EXERCISE INSTRUCTIONS:
After locating the line with "县委书记聂晓光(左三)等县领", set down that line and all the lines that follow it, unchanged, to the end of the records; omit the pictures.

Top of DATA FOR THIS TASK

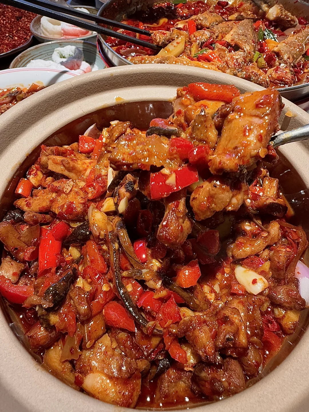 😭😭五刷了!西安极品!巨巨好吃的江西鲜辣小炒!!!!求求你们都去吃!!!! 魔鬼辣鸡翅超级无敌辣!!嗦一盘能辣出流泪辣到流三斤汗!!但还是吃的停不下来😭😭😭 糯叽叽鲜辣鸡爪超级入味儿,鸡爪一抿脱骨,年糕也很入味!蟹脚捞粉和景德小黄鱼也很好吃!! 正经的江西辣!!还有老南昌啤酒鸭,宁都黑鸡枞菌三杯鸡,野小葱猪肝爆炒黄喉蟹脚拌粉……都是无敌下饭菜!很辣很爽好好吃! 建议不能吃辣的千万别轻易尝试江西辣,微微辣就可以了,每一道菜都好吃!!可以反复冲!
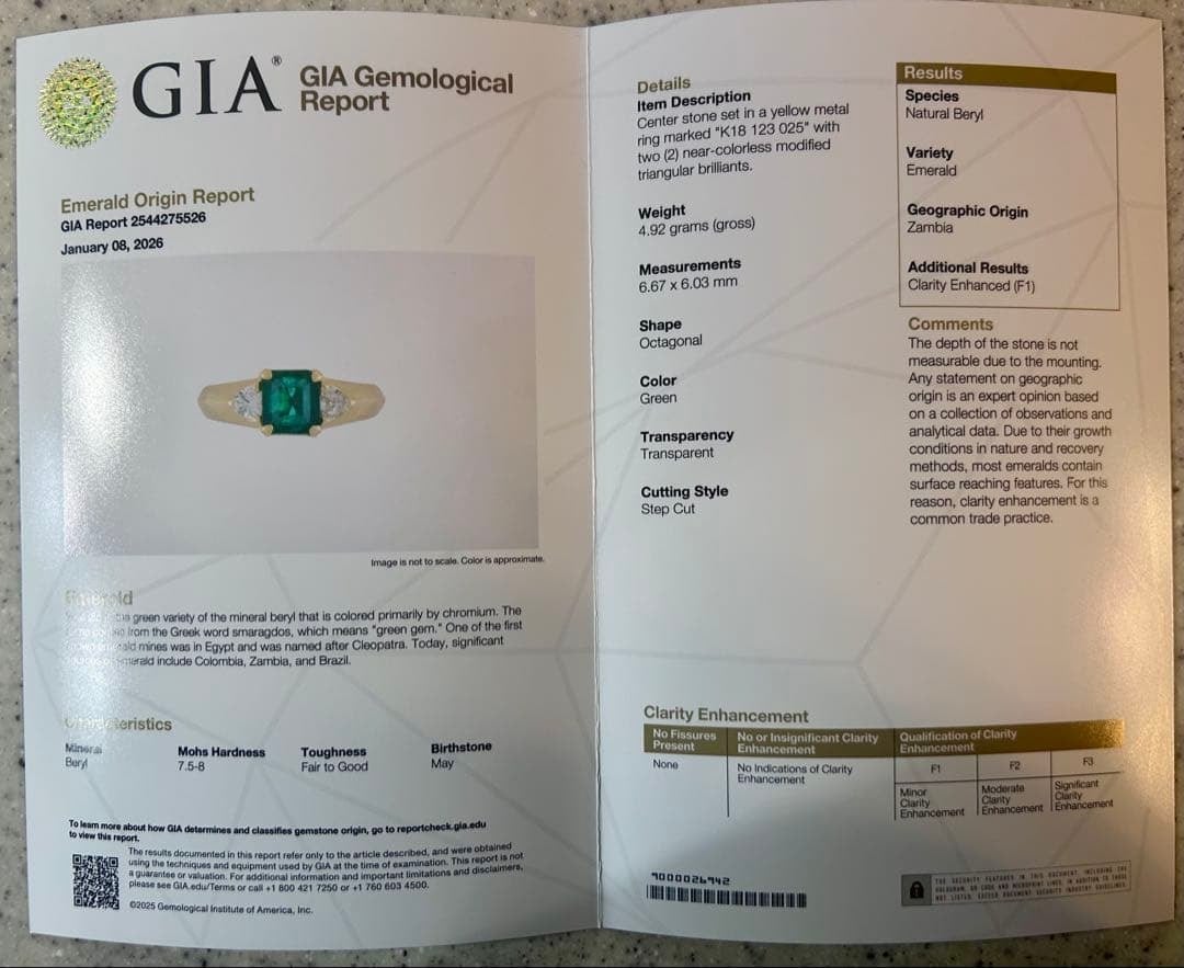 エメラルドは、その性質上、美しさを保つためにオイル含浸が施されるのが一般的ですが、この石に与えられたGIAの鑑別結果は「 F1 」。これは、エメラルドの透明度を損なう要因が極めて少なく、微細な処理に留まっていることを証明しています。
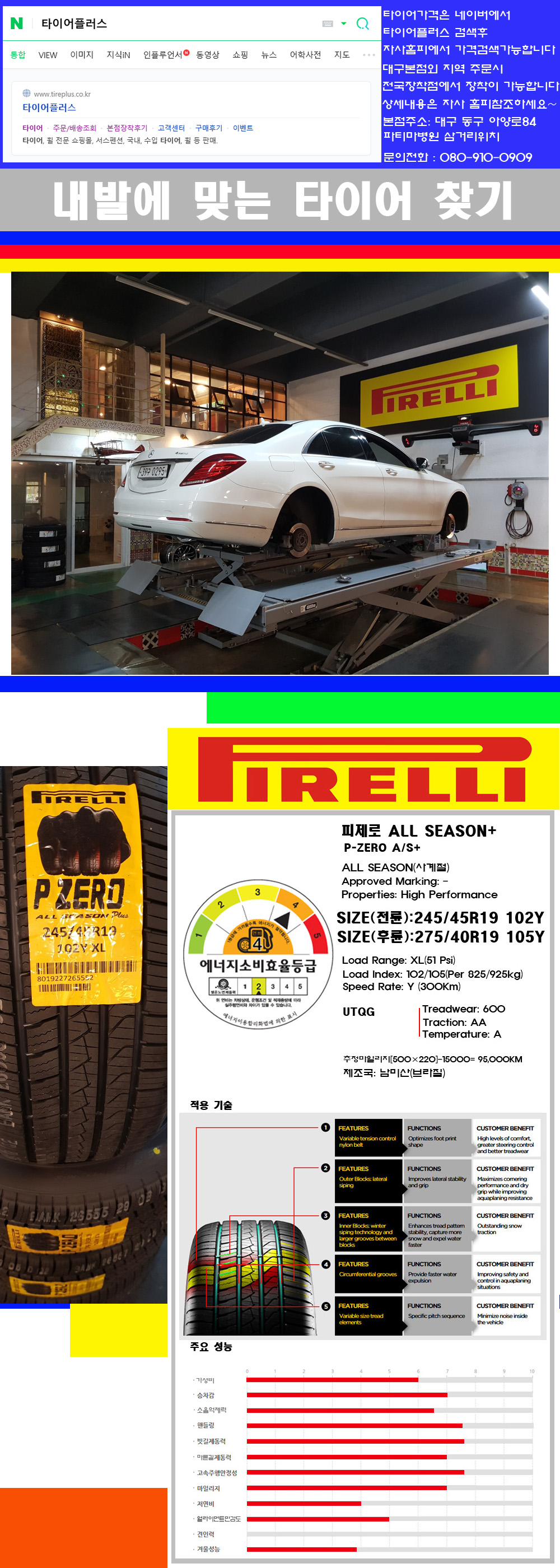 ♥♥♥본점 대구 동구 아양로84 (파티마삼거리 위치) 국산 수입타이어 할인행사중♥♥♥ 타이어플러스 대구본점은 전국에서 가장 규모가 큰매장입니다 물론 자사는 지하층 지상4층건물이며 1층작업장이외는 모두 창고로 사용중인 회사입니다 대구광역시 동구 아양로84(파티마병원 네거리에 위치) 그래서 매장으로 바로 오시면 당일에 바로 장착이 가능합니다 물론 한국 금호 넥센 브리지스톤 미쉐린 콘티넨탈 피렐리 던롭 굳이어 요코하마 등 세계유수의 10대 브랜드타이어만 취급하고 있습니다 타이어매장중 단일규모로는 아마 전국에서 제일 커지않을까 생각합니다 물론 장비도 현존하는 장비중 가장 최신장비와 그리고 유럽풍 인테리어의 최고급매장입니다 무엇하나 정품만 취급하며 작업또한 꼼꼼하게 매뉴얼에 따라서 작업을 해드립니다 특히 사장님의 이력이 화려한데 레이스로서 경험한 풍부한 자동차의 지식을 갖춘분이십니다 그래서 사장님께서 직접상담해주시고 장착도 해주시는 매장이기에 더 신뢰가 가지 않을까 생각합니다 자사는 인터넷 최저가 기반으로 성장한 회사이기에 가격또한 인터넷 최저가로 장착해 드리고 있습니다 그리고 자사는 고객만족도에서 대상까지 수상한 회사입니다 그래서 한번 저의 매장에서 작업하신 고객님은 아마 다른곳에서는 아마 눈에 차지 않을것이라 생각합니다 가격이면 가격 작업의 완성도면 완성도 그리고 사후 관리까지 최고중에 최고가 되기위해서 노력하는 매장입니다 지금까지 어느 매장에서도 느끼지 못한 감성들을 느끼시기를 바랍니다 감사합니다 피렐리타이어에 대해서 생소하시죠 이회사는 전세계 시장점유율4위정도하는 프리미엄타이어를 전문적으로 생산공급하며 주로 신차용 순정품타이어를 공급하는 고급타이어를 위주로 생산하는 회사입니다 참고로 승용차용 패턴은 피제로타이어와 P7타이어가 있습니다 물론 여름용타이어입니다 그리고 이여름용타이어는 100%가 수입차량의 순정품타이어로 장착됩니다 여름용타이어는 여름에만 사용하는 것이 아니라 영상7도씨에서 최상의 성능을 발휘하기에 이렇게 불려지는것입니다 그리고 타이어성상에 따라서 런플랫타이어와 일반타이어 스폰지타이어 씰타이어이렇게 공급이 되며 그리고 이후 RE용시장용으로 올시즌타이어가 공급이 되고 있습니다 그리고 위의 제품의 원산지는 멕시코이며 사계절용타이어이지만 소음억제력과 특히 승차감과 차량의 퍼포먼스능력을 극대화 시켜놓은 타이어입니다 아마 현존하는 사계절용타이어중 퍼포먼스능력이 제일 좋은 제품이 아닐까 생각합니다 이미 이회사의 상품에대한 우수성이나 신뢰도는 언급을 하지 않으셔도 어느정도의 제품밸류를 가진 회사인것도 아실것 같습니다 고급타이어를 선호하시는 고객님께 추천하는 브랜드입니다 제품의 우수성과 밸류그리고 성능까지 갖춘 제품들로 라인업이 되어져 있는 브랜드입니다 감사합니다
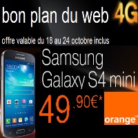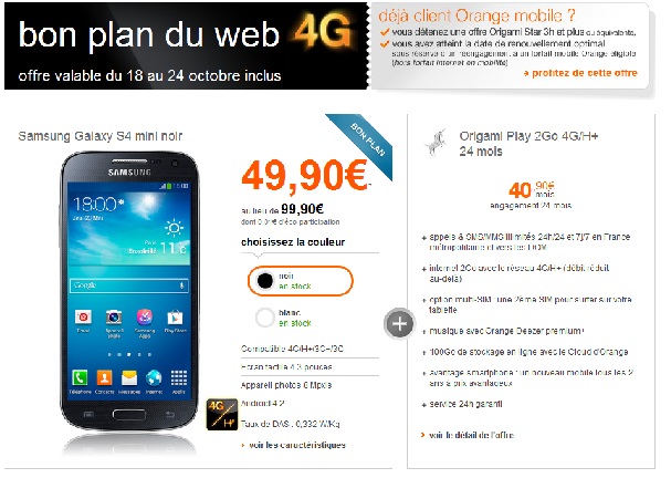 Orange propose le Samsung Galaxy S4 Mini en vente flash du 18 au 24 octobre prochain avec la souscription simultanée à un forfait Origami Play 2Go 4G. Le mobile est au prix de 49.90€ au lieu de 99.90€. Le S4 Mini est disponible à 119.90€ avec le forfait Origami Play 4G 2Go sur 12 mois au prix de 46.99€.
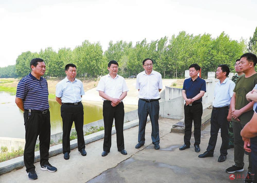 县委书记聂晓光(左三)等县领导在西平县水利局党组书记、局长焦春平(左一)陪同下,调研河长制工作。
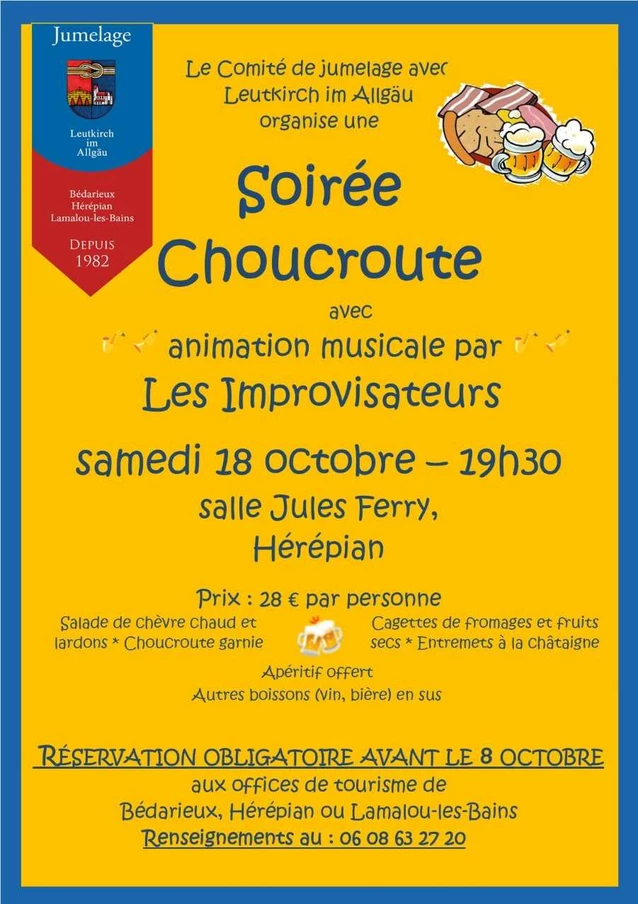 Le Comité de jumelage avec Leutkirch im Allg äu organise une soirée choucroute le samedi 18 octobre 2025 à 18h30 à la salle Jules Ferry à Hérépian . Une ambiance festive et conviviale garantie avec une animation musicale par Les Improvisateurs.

Bottom of DATA FOR THIS TASK

RESPONSE AREA:
 县委书记聂晓光(左三)等县领导在西平县水利局党组书记、局长焦春平(左一)陪同下,调研河长制工作。
 Le Comité de jumelage avec Leutkirch im Allg äu organise une soirée choucroute le samedi 18 octobre 2025 à 18h30 à la salle Jules Ferry à Hérépian . Une ambiance festive et conviviale garantie avec une animation musicale par Les Improvisateurs.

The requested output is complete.